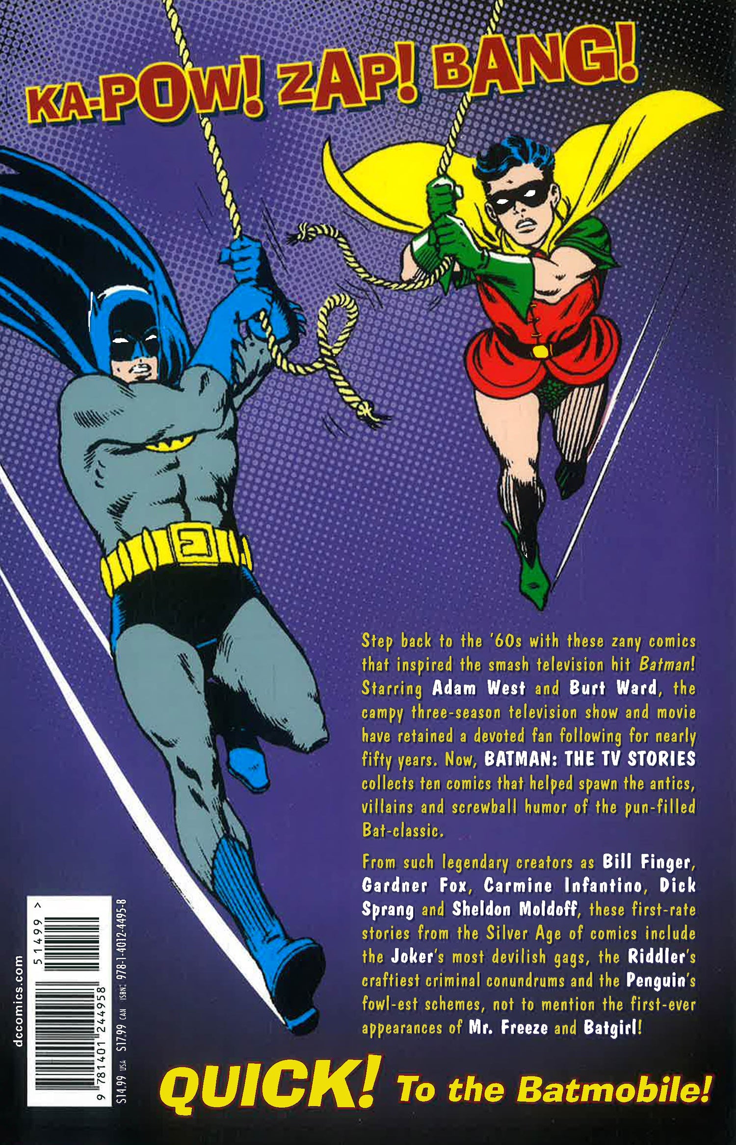 For the first time, DC Comics collects Batman stories originally published between 1948 and 1966 that were adapted into specific episodes of the classic Batman TV series! Starring The Joker, The Penguin, The Riddler and Mr. Freeze (here called “Mr. Zero”), and featuring the debut of Batgirl, these stories have never been collected together before. Collected from BATMAN #53, 73, 121, 140, 169 and 171, and DETECTIVE COMICS #230, 346 and 359.
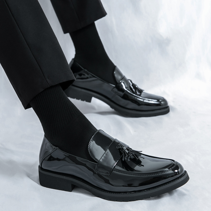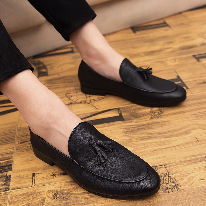 メンズ大きいサイズ韓国風ビジネスタッセルスモールレザーシューズ貿易ファッションブラックスリッポンローファーレザーシューズ
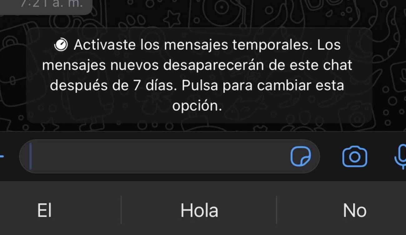 Se trata de una función que permite eliminar automáticamente los mensajes. Si bien no se puede configurar cuándo, los mismos desaparecerán a los 7 días de haberse enviado.
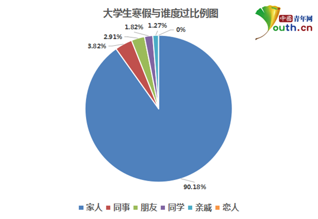 圖為大學(xué)生寒假與誰(shuí)度過(guò)比例圖。中國(guó)青年網(wǎng)實(shí)習(xí)記者 李華錫 制圖
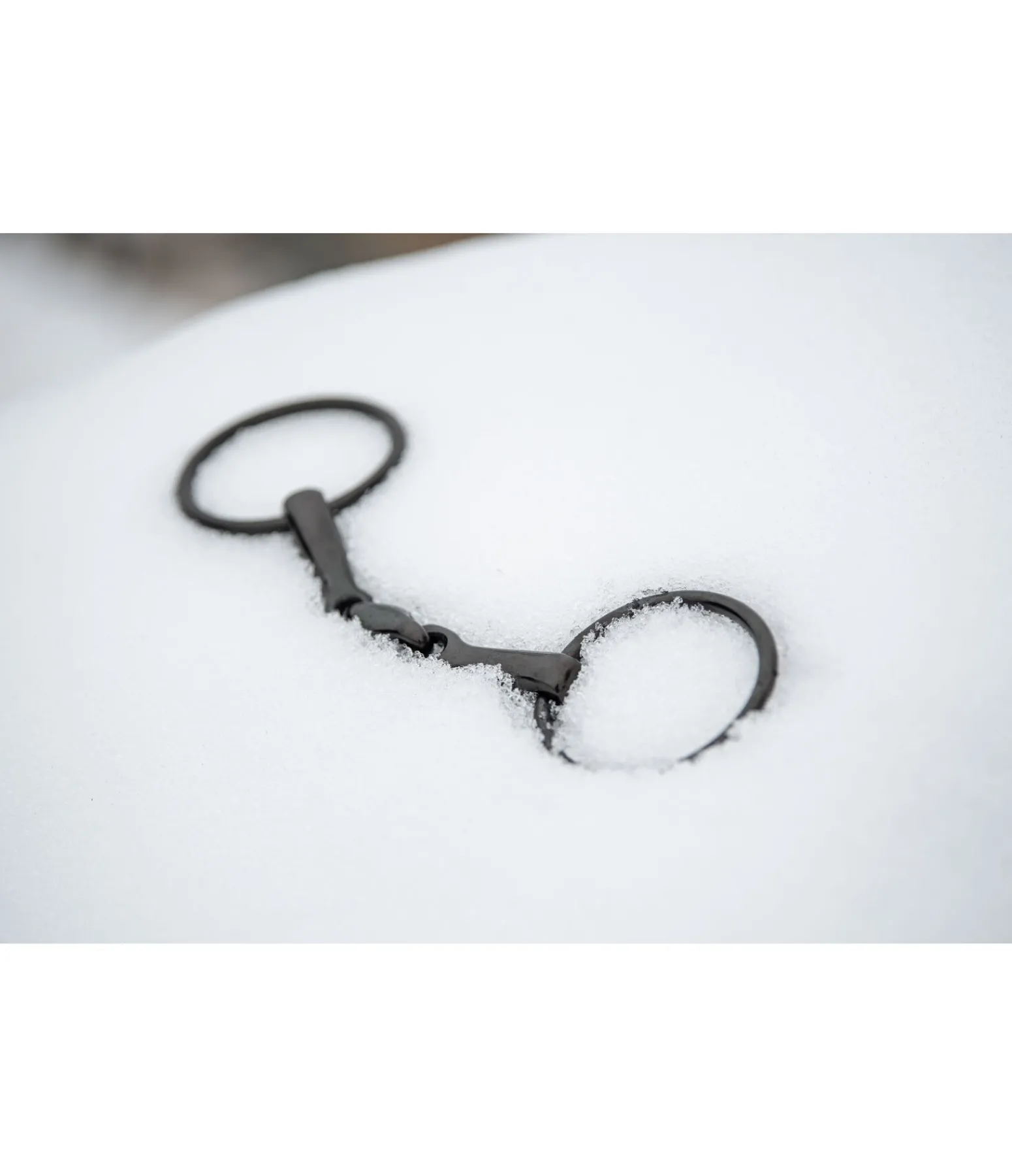 Mors double brisure. Forme anatomique. Anneaux mobiles. Couleur noire. Revêtement par poudre composé d’une combinaison de titane et d’aluminium. Non toxique pour les chevaux. Le revêtement présente une petite lacune au niveau des anneaux du mors. Il ne s’agit pas d’un défaut de qualité, mais uniquement du processus de fabrication. Infos sur les matériaux & caractéristiques :
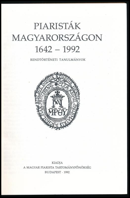 Piaristák Magyarországon 1642-1992. Rendtörténeti tanulmányok. Szerk.: Holl Béla. Bp., 1992, Magyar Piarista Tartományfőnökség. Kiadói papírkötés, a borítón némi kopással.
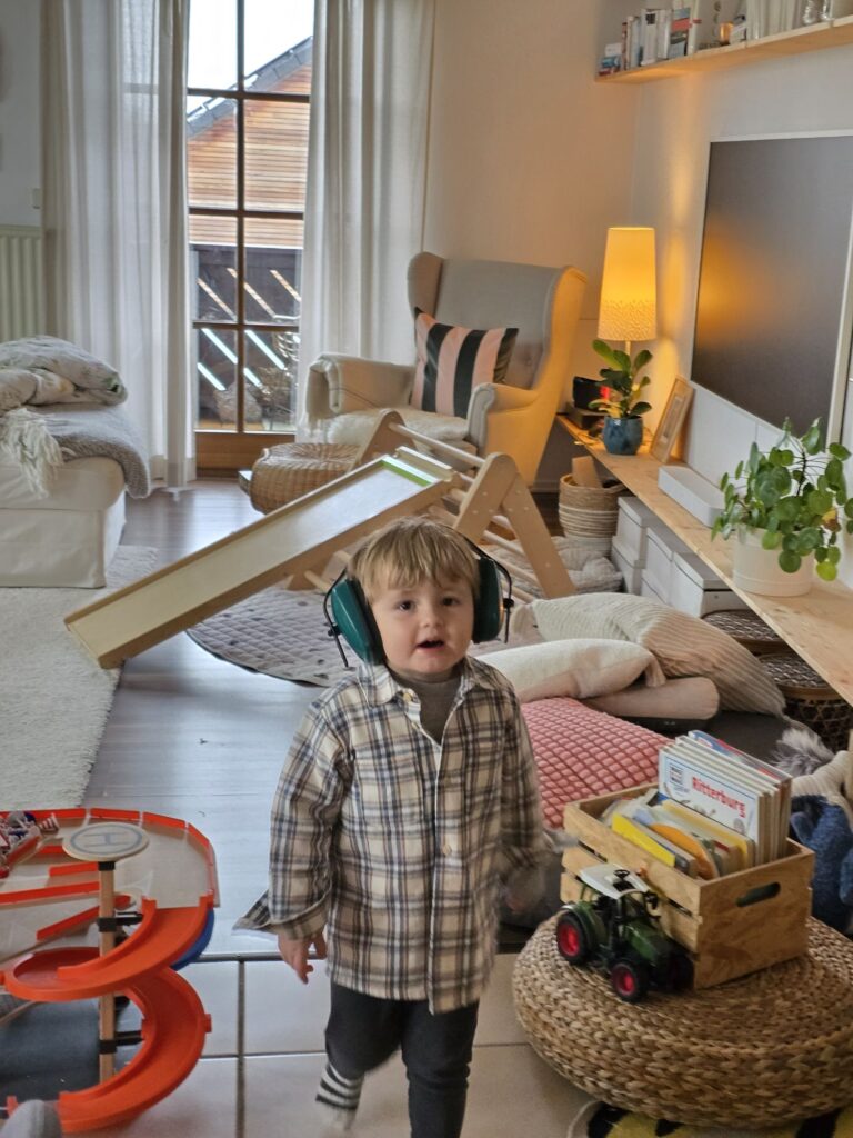 Nach dem Mittagsschlaf sind Mika und Papa noch mal zu Rewe gefahren und haben für Plätzchen eingekauft. Oma Anke hat zwar erst gestern einen großen Karton Plätzchen geschickt, aber der wird nicht lange reichen. Bei Tedi durfte Mika sich noch ein Auto aussuchen. Das musste dann aber auf einmal schnell gehen… Mika musste pinkeln. Also schnell nach Hause. Da angekommen hatte Mika das aber ein bisschen vergessen. Nötig war es aber trotzdem allemal.
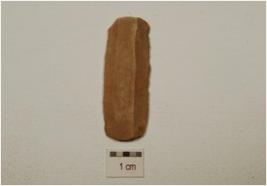 | Description / विवरण | A blade made on chert, broken along both ends, bladescars on dorsal side, use-wear marks along cutting edges. |
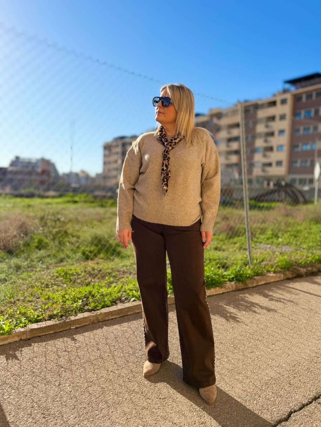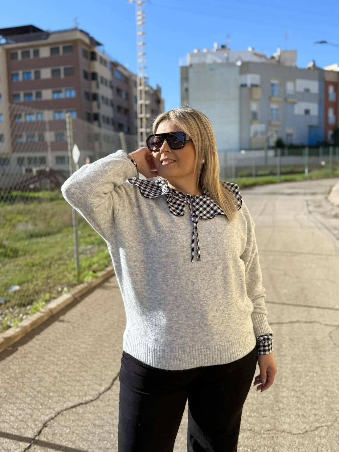 Jersey sencillo de manga larga y cuello redondo. Es muy calentito y de un género muy agradable.
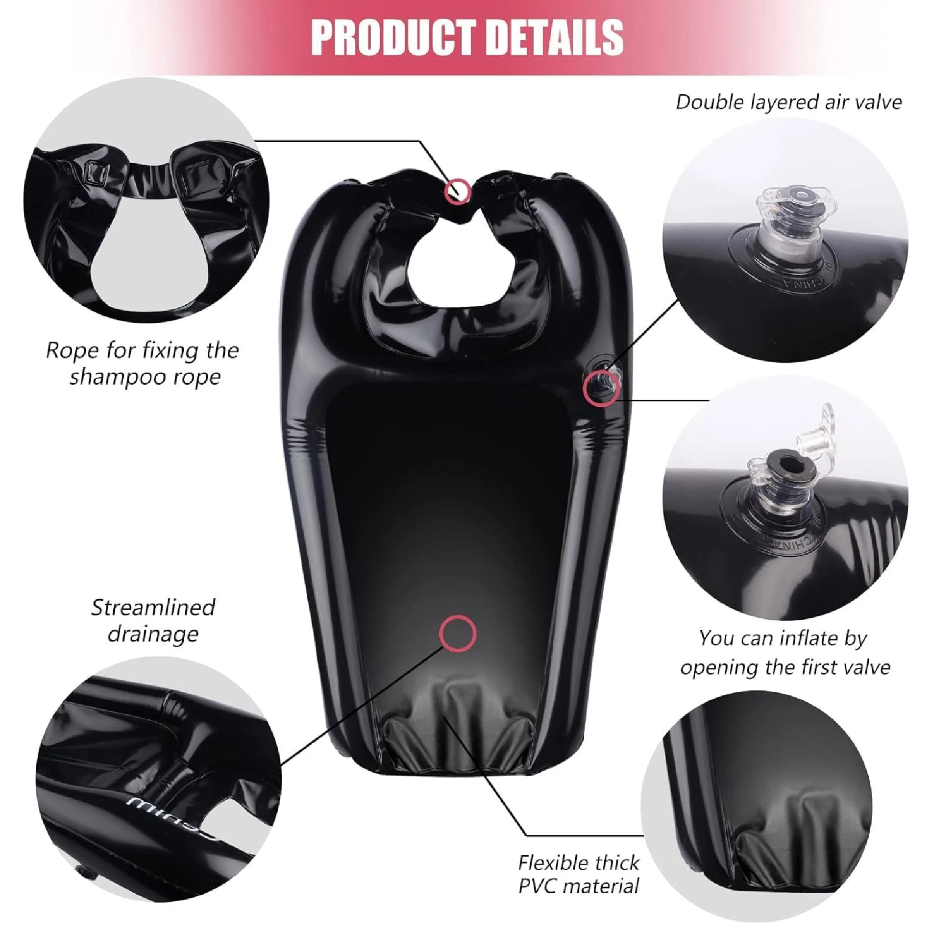 - 1️⃣ Despliegue el lavacabezas e infle las cámaras mediante la válvula.
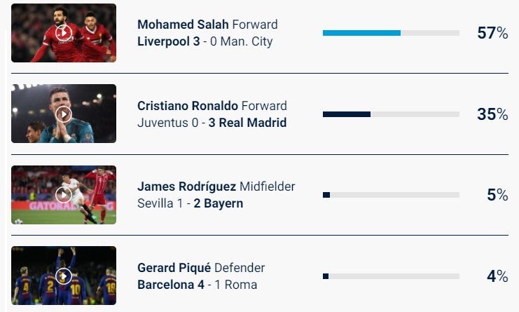 وتفوق صلاح على رونالدو بالرغم من تسجيل رونالدو هدف عالمي لفريقه ريال مدريد في مرمى يوفنتوس ليقوده للفوز 3-0 ، فيما سجل صلاح هدفا وصنع آخر ليقود فريقه ليفربول لفوز ساحق على مانشيستر سيتي 3-0

◇ ◇ ◇ ◇ ◇ ◇ ◇

■ **Try it**
Starting with the line that contains "Jersey sencillo de", repeat each line exactly through the last line of the data above, and nothing more; the pictures stay out.

■ **Result for this task**
 Jersey sencillo de manga larga y cuello redondo. Es muy calentito y de un género muy agradable.
 - 1️⃣ Despliegue el lavacabezas e infle las cámaras mediante la válvula.
 وتفوق صلاح على رونالدو بالرغم من تسجيل رونالدو هدف عالمي لفريقه ريال مدريد في مرمى يوفنتوس ليقوده للفوز 3-0 ، فيما سجل صلاح هدفا وصنع آخر ليقود فريقه ليفربول لفوز ساحق على مانشيستر سيتي 3-0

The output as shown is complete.